You can purge the complete content of the cache, just have to
Clear the swap.state file and restart squid.

echo "" > /var/cache/squid/swap.state

Hope this helps.

Regards, Pablo

On 7/12/07, martin sarsale <[EMAIL PROTECTED]> wrote:
Kinkie wrote:
> On 7/2/07, martin sarsale <[EMAIL PROTECTED]> wrote:
>> Dear all:
>> We're developing the new version of our CMS and we would like to use
>> squid in accelerator mode to speed up our service.
>>
>>  From the application side, we know exactly when the data changed and we
>> would like to invalidate all cached data for that site. Is this
>> possible? maybe using squidclient or something.
>>
>> We can't do this purging url by url since it doesn't makes much sense
>> (and we don't have the url list!). We want to wipe out every cached
>> object for mysite.com.
>
> You can't do that on the squid side either, since squid doesn't index
> objects by URL but by hash.
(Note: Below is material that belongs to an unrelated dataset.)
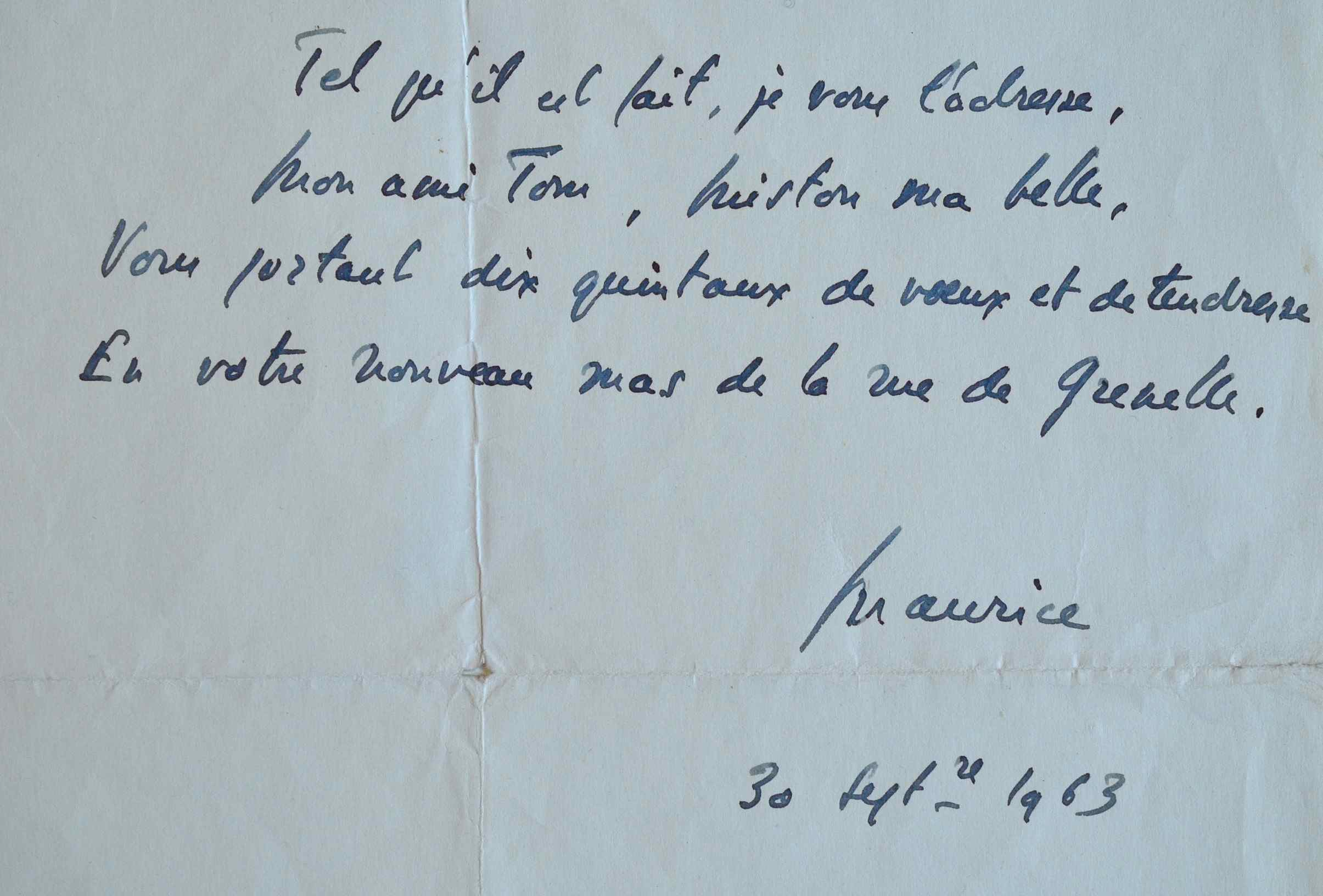 «Ce taureau n'est pas né au bord du Vaccarès, Hélas [...]. Tel qu'il est fait je vous l'adresse, mon ami Tom, histoire ma belle, vous portant dix quintaux de voeux et de tendresse en votre nouveau mas de la rue de Grenelle. Maurice». A son en-tête.

The only way is to PURGE the relevant
> object.
>
> You can reduce quite a lot the window of staleness by specifying in
> every response the HTTP header:
>
> Cache-Control: s-maxage=XXX, public, proxy-revalidate
>
> (reference taken from: http://www.mnot.net/cache_docs/)
> by choosing the right XXX value (the time in seconds before the object
> expires) you'll be able to find the right balance between higher load
> on the backend (smaller values of XXX) and higher chance of serving
> stale content (higher values of XXX)

(sorry for the delay)
I understand what you are proposing with that header but IMHO that's
valid for a 'dumb' system who cannot determine when it was modified.
Since my system has this feature (I know the exact date the content as
altered) I would like to let  Squid handling ALL the work except when is
really needed.

I understand about object hashes... does it hashes the full URL (ie,
including domain?) because if domain was hashed separately I could purge
the entire domain hash.

Any other hints? unofficial patches? alternative products? squid forks?